I couldn’t have agreed more.
“Any objections?” Sera asked. We walked faster. The golem was definitely spinning faster now, blasting the door where we’d entered only briefly before rotating to the next wall. After a moment without any concerns voiced. “Okay, let’s move. We’ll need to time this carefully.”
“Or…if you’ll indulge me for a moment…” I quickly explained a plan.
Sera snorted. “Fine, try it. Just don’t complain if you die.”
“How would I complain if I’m d—never mind. I’m doing it.”

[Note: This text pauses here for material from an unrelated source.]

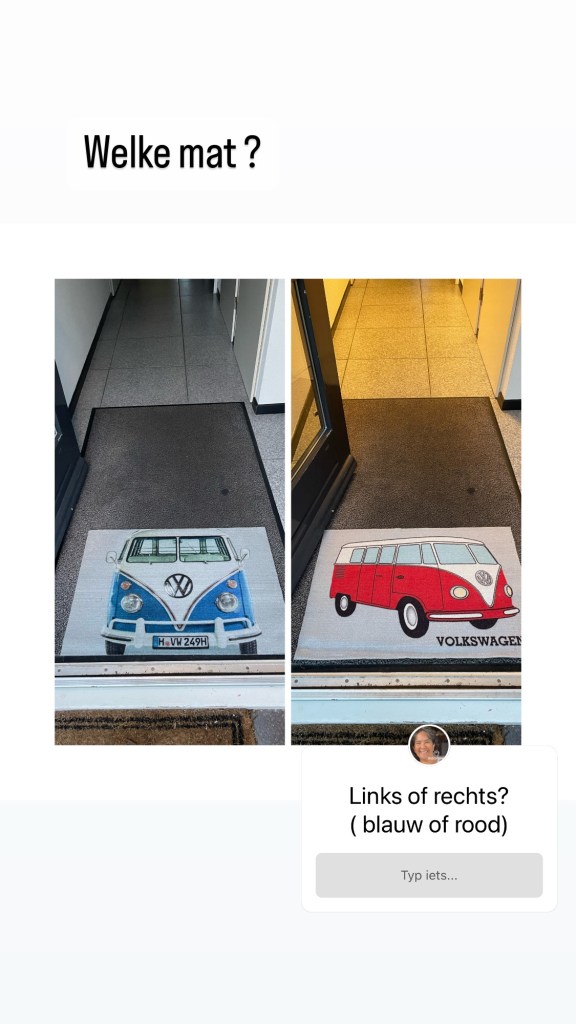 Vandaag deze quote en vooral omdat er een VW bus op staat. Ik had van de week twee matten gekocht met Volkswagen busjes erop. Waren in de aanbieding bij de Aldi en ik kon niet kiezen en voor de prijs hoefde ik ze niet te laten liggen. Dus op internet gevraagd om jullie mening: Blauw of Rood?

I shifted so that I was right behind the spot the golem had just fired into, giving myself ample time, and then…
Haste.
I sped forward, right toward the golem.
As I expected, when I got within a few feet, lights flashed on the golem’s body and it swiveled toward me. “Intruder detected.”
The voice was a nice touch. I’d have to find the rune for that.
The golem’s chest glowed, preparing to fire a beam…but as I’d calculated, it wasn’t quick enough to stop me.
I snapped the Jaden Box open, pressing it against the crystal floating below the golem. “Store golem core.”
The crystal vanished.
The lights on the golem’s upper body faded instantly. I pulled my arms and the box backward as the golem’s upper half fell, the source of its levitation gone.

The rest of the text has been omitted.